Сталин подошел к громоздкому предмету, стоящему в дальнем слабоосвещенном углу кабинета. Яйцеобразный купол был покрыт синей бархатной скатертью, подаренной вождю ткачихами Трехгорки. Жестом фокусника Сталин снял покрывало.
Это была прозрачная с легким радужным свечением сфера, похожая на большой аквариум. Зеленая лампа на письменном столе светила сбоку, и по стене, как по экрану, скользили легкие фантастические тени. Вуалевые рыбки казались изящными птицами и порхающими бабочками. Водоросли походили на джунглевые заросли. Хрустальный шар с двух сторон был оправлен в червонное золото. Вставший на дыбы единорог венчал купол сферы, снизу ее поддерживал бородатый атлант. На постаменте виднелись астрологические знаки и клеймо, выведенное латинским шрифтом: «Мастер Сандивогиус из Лейдена».

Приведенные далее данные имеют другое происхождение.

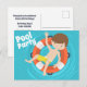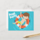 Incroyables invitations de fête au bord de la piscine pour l'anniversaire des enfants en été. Un garçon brun cool avec un tube intérieur rayé rouge et blanc dans les vagues bleues amusantes de la piscine. Pourrait également être utilisé pour un dernier jour d'école, une fête de quartier pour accueillir l'été !

Но самое удивительное – аквасфера была герметично запаяна!
– Это невероятно… Что это значит, Иосиф Виссарионович? – спросил ошарашенный Седов.
– Спросите об этом у Сандивогиуса, – хитро прищурился Сталин.
Он протянул Седову старинный трактат.
– «Вода Воскрешения», – прочел Седов готическую надпись на обложке.
– Ну, что вы скажете по поводу этого лекарства от смерти?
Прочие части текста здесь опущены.